YOUR ASSIGNMENT:
Begin at the line containing "into Nature's Embrace" and copy exactly through the last line of the listing, skipping every picture.

DATA PROVIDED:

= Beginning of Section =

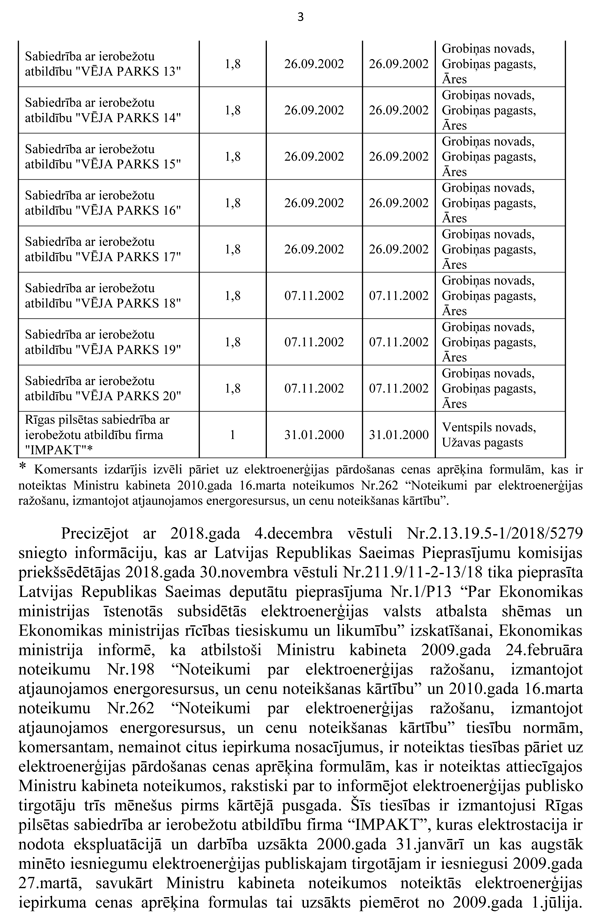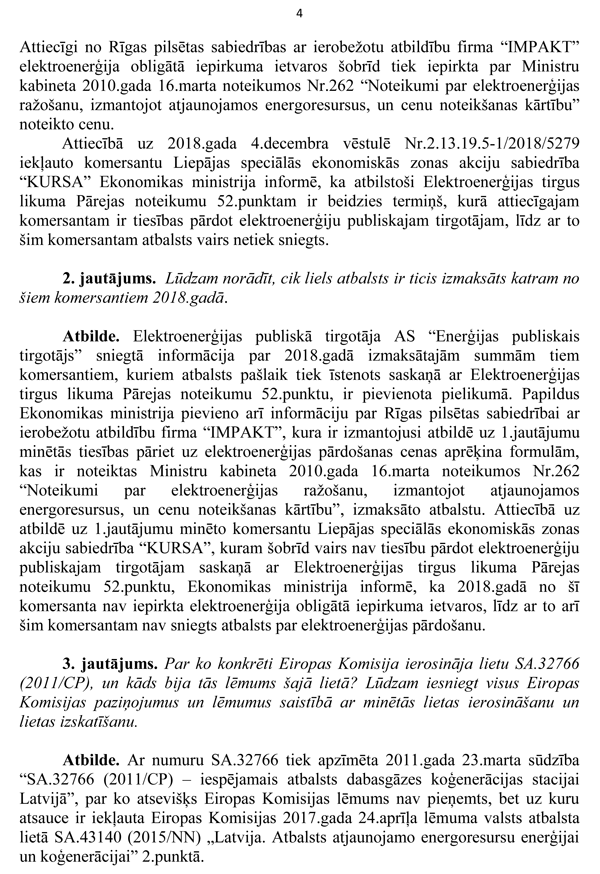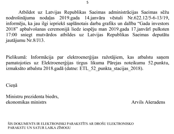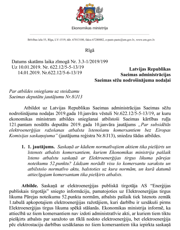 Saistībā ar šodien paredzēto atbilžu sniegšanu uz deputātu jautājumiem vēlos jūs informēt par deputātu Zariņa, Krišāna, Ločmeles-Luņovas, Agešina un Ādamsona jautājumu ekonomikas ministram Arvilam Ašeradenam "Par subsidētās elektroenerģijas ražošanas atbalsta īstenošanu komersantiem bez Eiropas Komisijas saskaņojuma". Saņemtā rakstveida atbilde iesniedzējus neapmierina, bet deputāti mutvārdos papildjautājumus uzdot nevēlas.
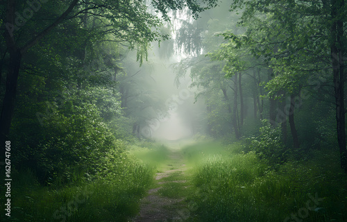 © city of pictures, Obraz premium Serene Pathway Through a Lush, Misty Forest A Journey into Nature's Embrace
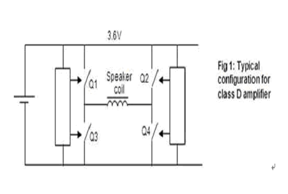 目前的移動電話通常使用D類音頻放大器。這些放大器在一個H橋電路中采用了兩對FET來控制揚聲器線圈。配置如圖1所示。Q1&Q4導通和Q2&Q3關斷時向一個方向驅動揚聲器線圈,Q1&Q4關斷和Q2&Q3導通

= End of Section =

RESPONSE AREA:
 © city of pictures, Obraz premium Serene Pathway Through a Lush, Misty Forest A Journey into Nature's Embrace
 目前的移動電話通常使用D類音頻放大器。這些放大器在一個H橋電路中采用了兩對FET來控制揚聲器線圈。配置如圖1所示。Q1&Q4導通和Q2&Q3關斷時向一個方向驅動揚聲器線圈,Q1&Q4關斷和Q2&Q3導通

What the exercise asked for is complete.